For the purposes of this discussion, we will consider the following properties of rich text only:
An important point to be clarified here is that what we are talking about here is the virtual JSON structure of rich text used for operations. The actual storage has a lot more options possible and these are considered later on. So, please set aside concerns of performance or memory consumption etc.
The basic structure at the top level is actually an array with each element in the array representing a character and it associated styles.
Each element of an array has three properties:
char is a string field which represents the actual UTF16 character. Now it might seem best if we grouped together grapheme clusters and styled them (since they effectively render as individual characters) but this allows for more flexibility. For instance, it is not uncommon for editors to support modifying just the combining mark.
inlineStyles is a map of strings which represents the inline styles associated with this character. For this discussion, this map will have two entries: one for bold and another for italics, both of these have boolean values. (In practise, this will probably hold CSS properties and their value associated with inline styles)
blockPath is an array that holds the sequence of blocks that encapsulate a
particular element. For example, if a character is within a numbered list, its blockPath
would be an array with “numberedList” as the only item. If it was in a bulleted list
that itself was within a numbered list, the blockPath would be ["bulletedList", "numberedList"]
.
Note that it is intentional that the path lists the blocks of an element from the inside out.
This allows for run-length encoding of list styles later on.
How does this deal with indentation? Indentation can be thought of as a block type by itself. Note that when a user “indents” within a list, it should be thought of as creating an extra “list” type (duplicating the innermost list type).
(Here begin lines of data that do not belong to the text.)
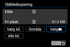 - Med [Vælg bil.] er det ikke muligt at kopiere filer i flere mapper på samme tid. Vælg de billeder, du vil kopiere fra en mappe, ét ad gangen.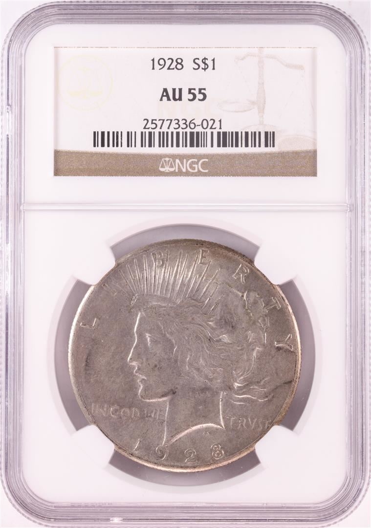 One 1928 $1 Peace Silver Dollar Coin NGC AU55. NGC Certified.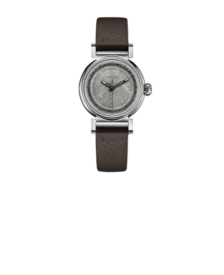 在表底盖可以通过蓝宝石水晶镜面看到机芯自动陀上雷雕的HORAGE标志;而不锈钢表底盖上则刻有克里斯托弗·哥伦布的名言:“迎着阳光,我们向过往的世界道别。”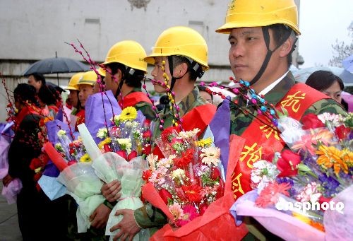 2月25日,江西贛東北供電公司50余名電力隊員,完成井岡山抗冰雪搶修任務(wù)后,從井岡山回到樂平。當(dāng)日,千余名贛東北供電領(lǐng)導(dǎo)、搶修隊員家屬和樂平群眾冒雨相迎。中新社發(fā) 王國紅 攝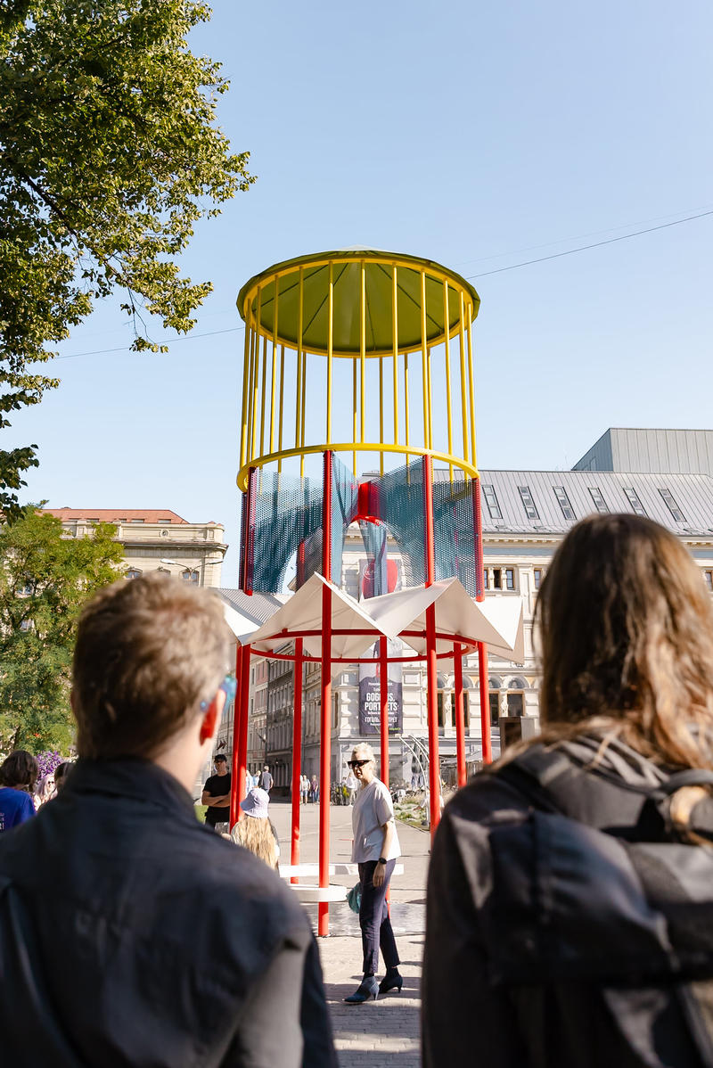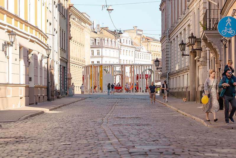 Vietā, kur sastopas septiņas Rīgas ielas, mākslas instalācija aicina cilvēkus no dažādām sabiedrības grupām baudīt un mijiedarboties no jauna atdzīvinātajā publiskajā telpā, tādējādi instalācijas lietotājiem kļūstot par neatņemamu projekta daļu un kolektīvi aizpildot laukumā esošo brīvo telpu.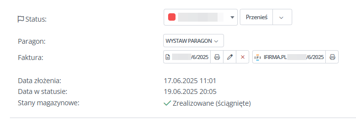 - Po wystawieniu faktury w Base.com i przekazaniu jej do iFirmy, na karcie zamówienia pojawia się przycisk do otwarcia pliku PDF z fakturą z iFirmy.
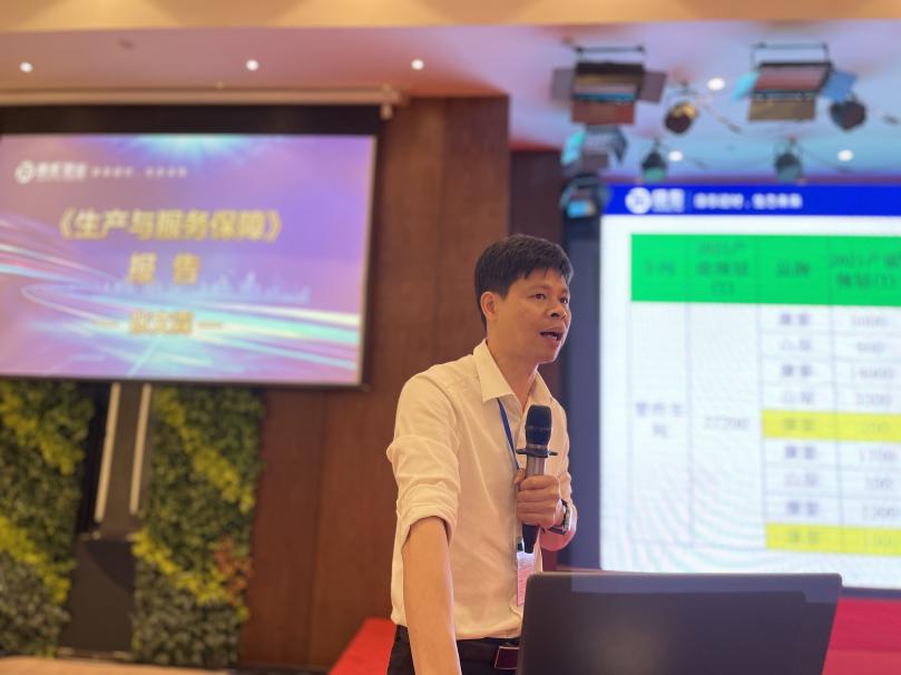 圖為市場推廣部長冉林杰作《康泰集團差異化產(chǎn)品贏銷》匯報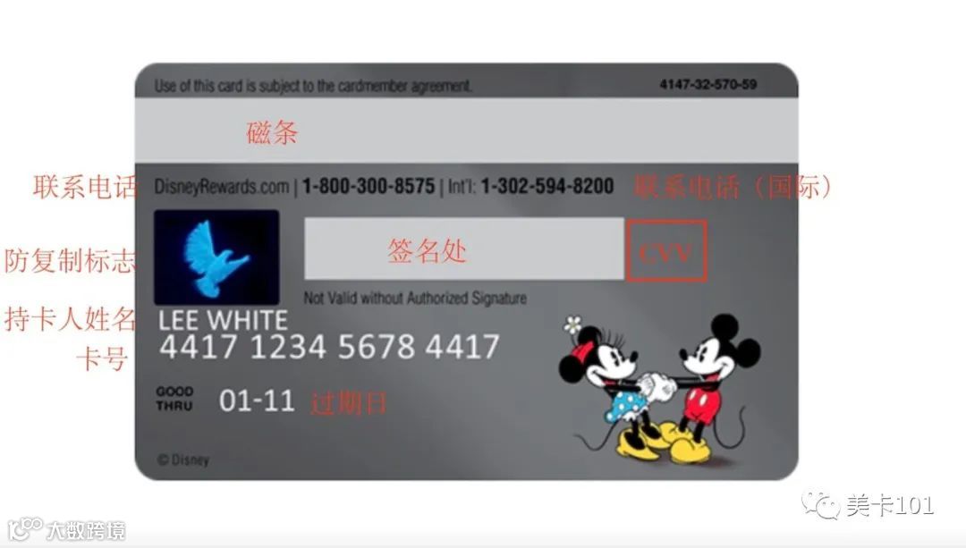 以 Chase Disney 联名卡为例,从左至右、从上至下解析各项信息[k]。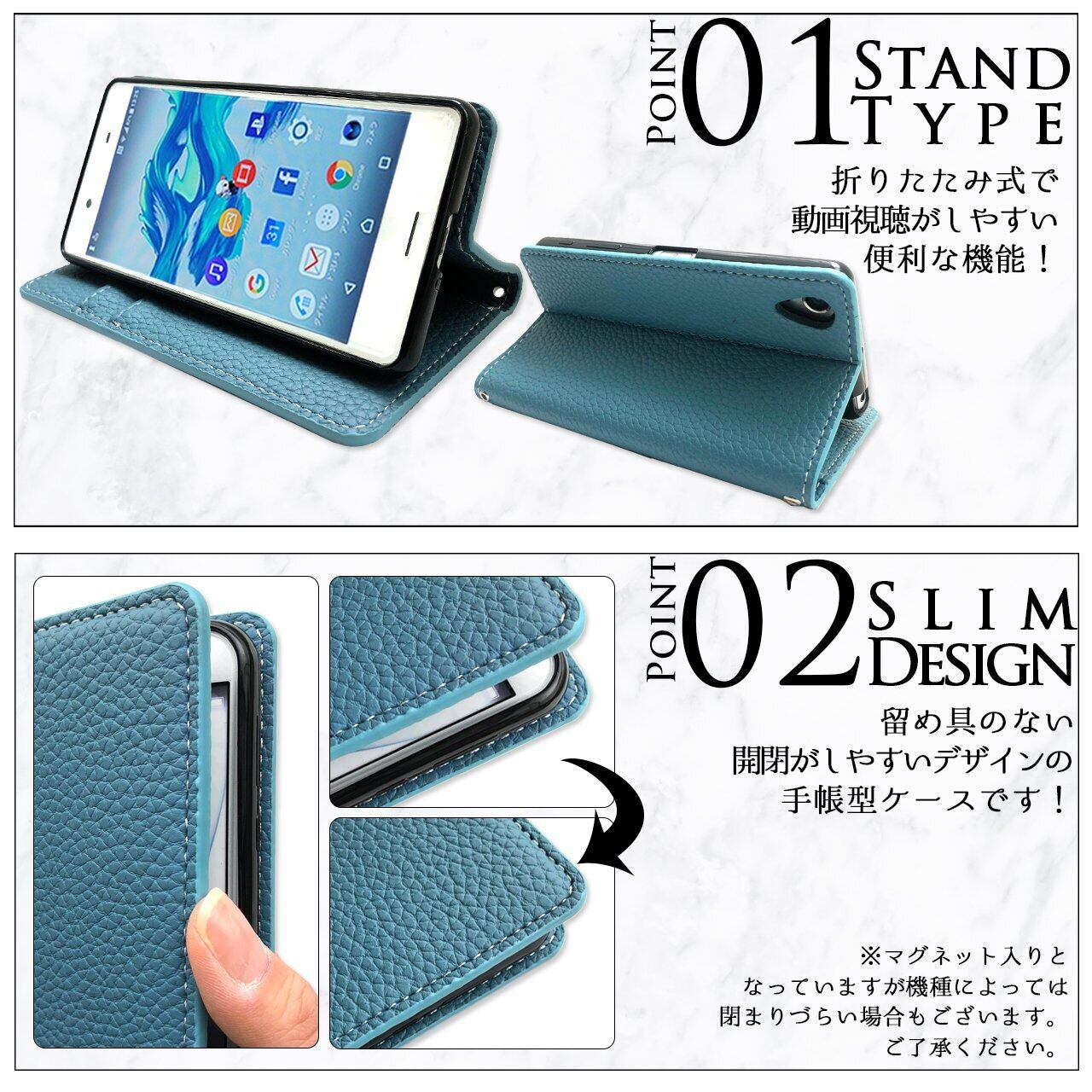 機種に合わせた開口部が開いております。※電源ボタン等はケースの上から押す仕様となっております。ご了承ください。手帳型ケースはスマホ本体より大きめの作りになっております。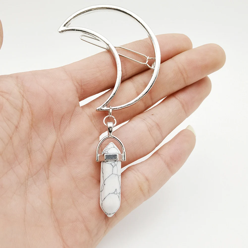 Геометрические заколки для волос в форме Луны Заколка-пряжка с кристаллами шестиугольный кулон аксессуары для волос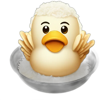 strawberry in rice with chicken inside of a beautiful flowe design bowl emoji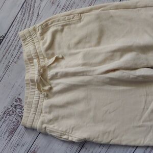 Beautiful creamy yellow joggers! Tapered leg, drawstring waist, pockets in front, single pocket in back. Excellent condition! (T)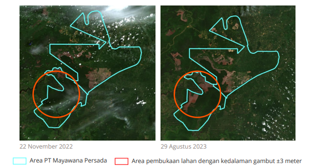10 Pantau gambut menilai bahwa kerusakan lahan gambut akibat pengeringan di area konsesi sangat mengkhawatirkan. Banyak lahan gambut, terutama di Regional Sumatera dan Kalimantan, telah dibuka dan dikeringkan melalui pembangunan kanal. Contoh terbaru terjadi pada 2023-2024 ketika perusahaan PBPH PT Mayawana Persada di Kalimantan Barat, melakukan deforestasi dan pengeringan lahan lewat kanalisasi untuk mengubahnya perkebunan monokultur.11 Ironisnya, lokasi ini merupakan habitat orangutan dan satwa endemik Kalimatan lainnya yang kini terancam.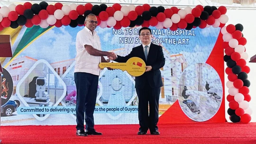 閆海祿副總經(jīng)理代表中工國(guó)際將象征醫(yī)院正式移交的金鑰匙親手交予安東尼部長(zhǎng)。這把金鑰匙不僅是醫(yī)院運(yùn)營(yíng)權(quán)的象征,更是搭建中圭合作橋梁的見(jiàn)證。他在致辭中誠(chéng)摯地感謝圭亞那衛(wèi)生部及各級(jí)政府、中國(guó)駐圭亞那大使館、中國(guó)信保、中國(guó)建設(shè)銀行以及所有合作伙伴在項(xiàng)目實(shí)施過(guò)程中給予的大力支持和幫助。該醫(yī)院群項(xiàng)目充分體現(xiàn)了公司協(xié)同共贏理念——通過(guò)整合國(guó)內(nèi)外優(yōu)質(zhì)資源,構(gòu)建跨區(qū)域、跨領(lǐng)域的合作生態(tài),為海外民生工程提供系統(tǒng)解決方案。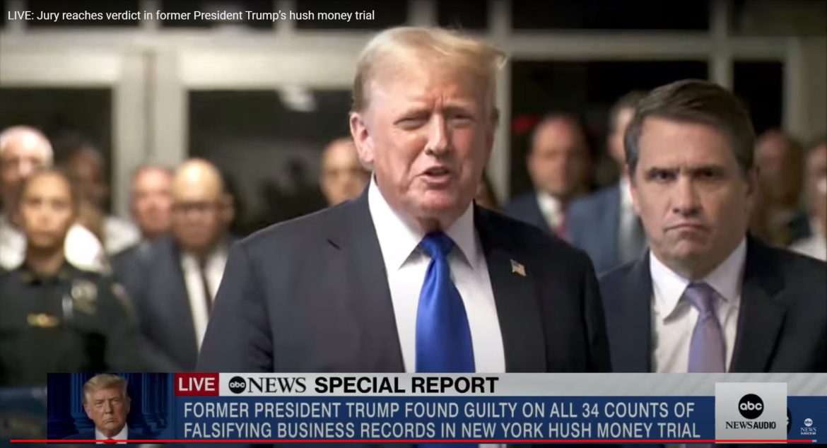 Donald Trump is the first American President to stand trial and be found guilty in a criminal case. The former President spoke after the verdict was read. The New York jury has found him guilty on all counts in his hush money case. He could face four years in prison depending on the judge’s sentence, which will happen later. The judge has the discretion to reduce his sentence to a fine, probation or supervision. He is guilty of falsifying records before the 2016 election to hide payments to adult film star Stormy Daniels.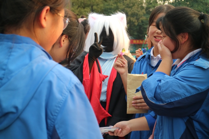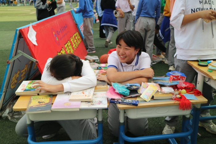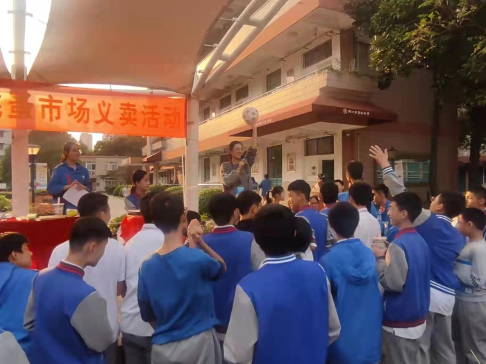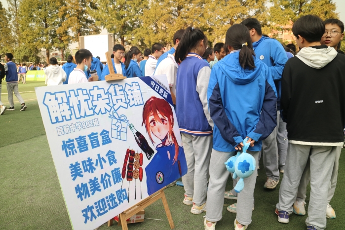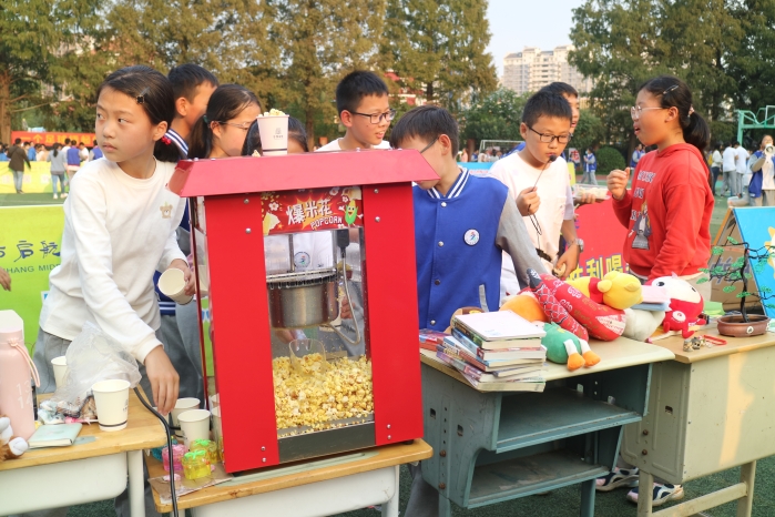 在这阳光明媚的下午,现场氛围霎时变得特别活跃,热火朝天——“来一来看一看,走过路过不要错过”“新鲜出炉的泡面,香飘十里,不买就吃亏”都是同学们销售时的声音,整个义卖市场应接不暇,得到了不少路过的老师、学生、家长的积极响应。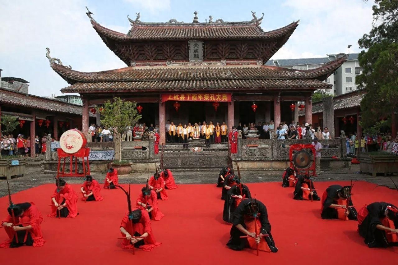 又称孔庙,学宫,位于福建省上杭县城区轴心,即解放路东段。据乾隆版《上杭县志》记载,该庙始建于宋嘉定十六年(公元1223年),后因毁于水或坏于蚁,于明嘉靖二十七年(公元1548年)在原地重建,原占地8713平方米,以大成殿为中心,分前、中、后三门,殿前建东、西两庑和名宦祠、乡贤祠、戟门、泮池、棂星门、殿后建明伦堂、崇圣殿,左右还有尊经阁、教谕署、紫阳书院、周公书院、入圣第一门及四斋五祠等二十多座美轮美奂,金碧辉煌的门、廊、殿、阁,技艺精湛,宏伟壮观,是我省保存较完整、最具特色的文庙,成为杭邑历代文人雅士尊孔祭孔、弘扬儒学、祈求功名、聚文会友的高雅圣地。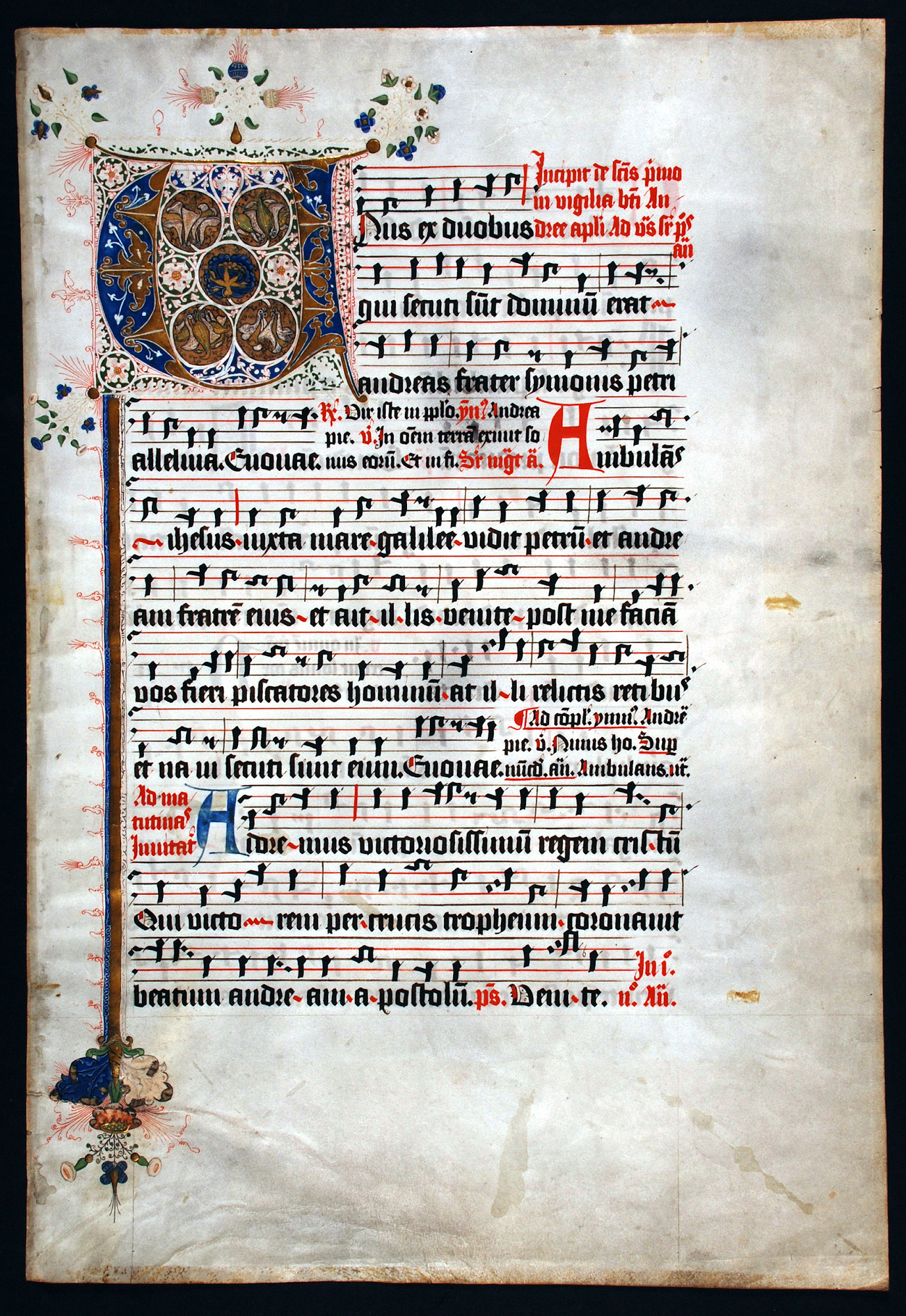 The 15th century example below is more decorative again. It is another Latin antiphonal from Germany, part of the Vespers and Matins for the feast of St Andrew. Notice the large initial ‘U’ with full colour floral border and the small initials in red and blue. The musical notation is in Hufnagelschrift neumes on a 5-line stave.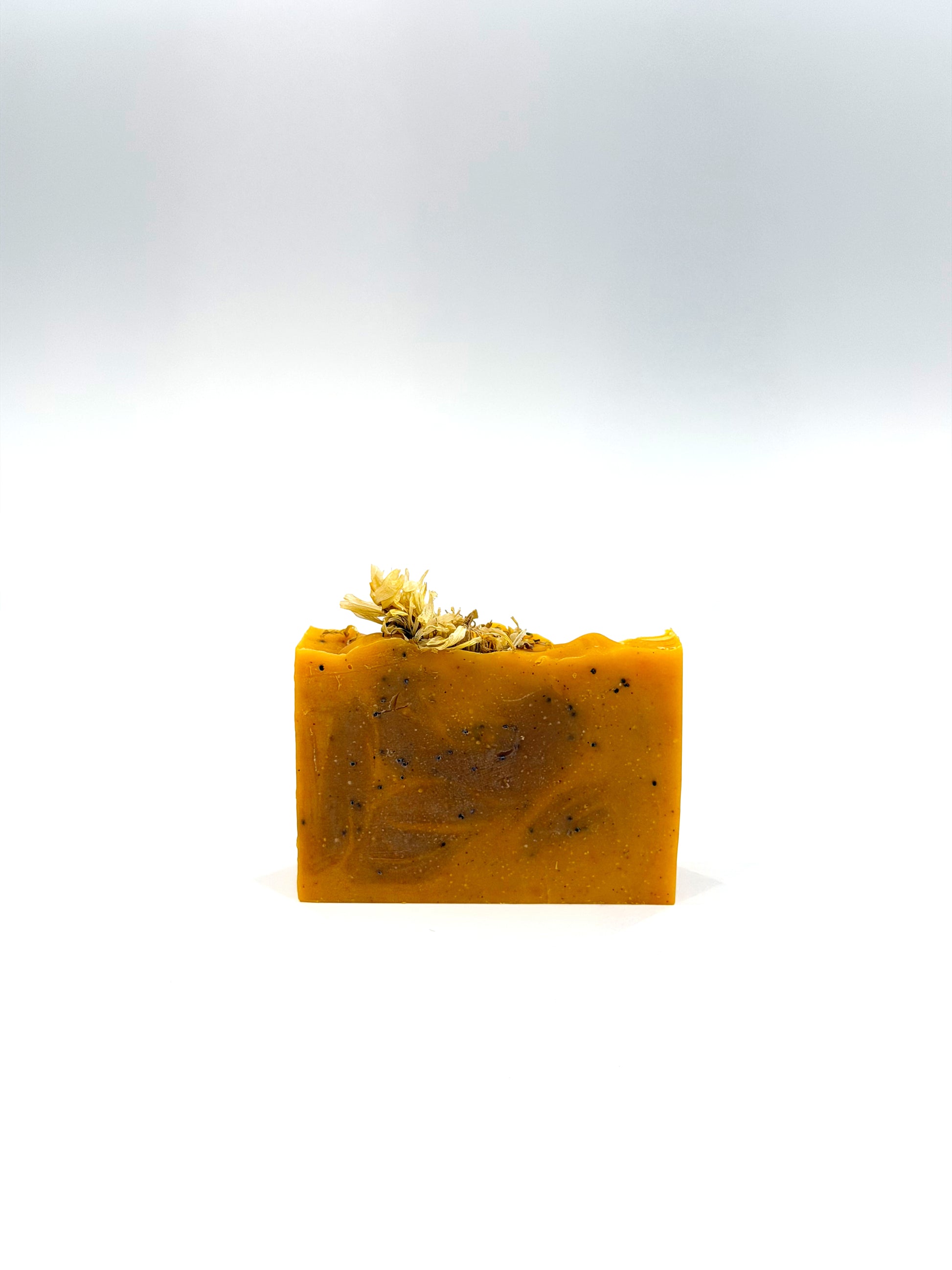 Colored naturally with annatto powder, the bar displays warm orange tones. Poppy seeds are included inside the bar to provide gentle exfoliation. A delicate decorative touch of calendula flowers graces the surface and can be removed before use if preferred.
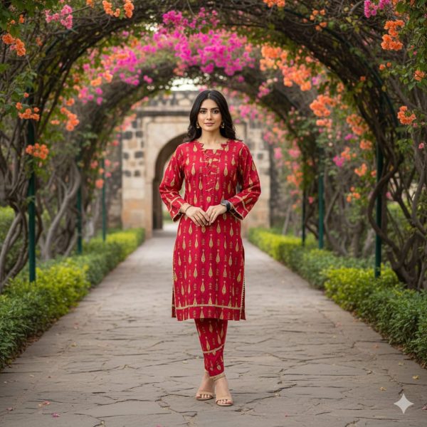 Description: This elegant and vibrant red yellow outfit features a straight-cut kurta adorned with golden motifs. The dress includes golden lace details, beads neck design adding a touch of sophistication. The matching trousers complement the top, creating a cohesive and stylish ensemble.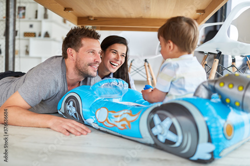 Lachende Eltern spielen mit Sohn im Kinderauto

Applying inline styles on on a contiguous region can be done with a simple Range mutation. The Range mutation itself takes an inner mutation which applies to each element of the array. The inner mutation here would be to set the corresponding field of the inlineStyles map.
A common thought experiment for collaborative rich text editors is how the system behaves when one side marks a range of text as bold while another inserts text within. The way the transforms are written for splice and range, these should generally work gracefully.
Applying block styles generally also involves Range operations with the inner mutation being
a splice to insert the new block name into the blockPath
array. Often though, the operation
being attempted is more complicated and involves changing the block paths of various ranges
slightly differently. In those cases, the user intention would require multiple operations.
For example, if the user selects a block of text with some of it in a bulleted list, some of it in a numbered list and some of it in no list at all, some editors may choose to implement this as if the user wrapped the whole selection within a list. But it is also possible to consider this as if the user added the numbered list items within a numbered list, the bulleted list items within a bulleted list and the rest as within an “indentation” block. The latter implementation would require more than one Range mutation.
In general, depending on the specifics of the block-level mutations, it is possible that some parallel block level operations yield surprising results. But given the rarity of these events, this seems like an acceptable tradeoff given the positives of having such a simple structure.
How would we choose to represent links? Since a particular character can only be part of one link at a time, it is possible to simply create a link property with the value of the property set to the actual link.
It is common to embed special objects within rich text which have their own special rendering. A common example would be images and such. A simple approach is to add an “object” property to the array elements with the value being whatever is the value of it. A good choice for the char field of this object element is to set it to a special unicode character.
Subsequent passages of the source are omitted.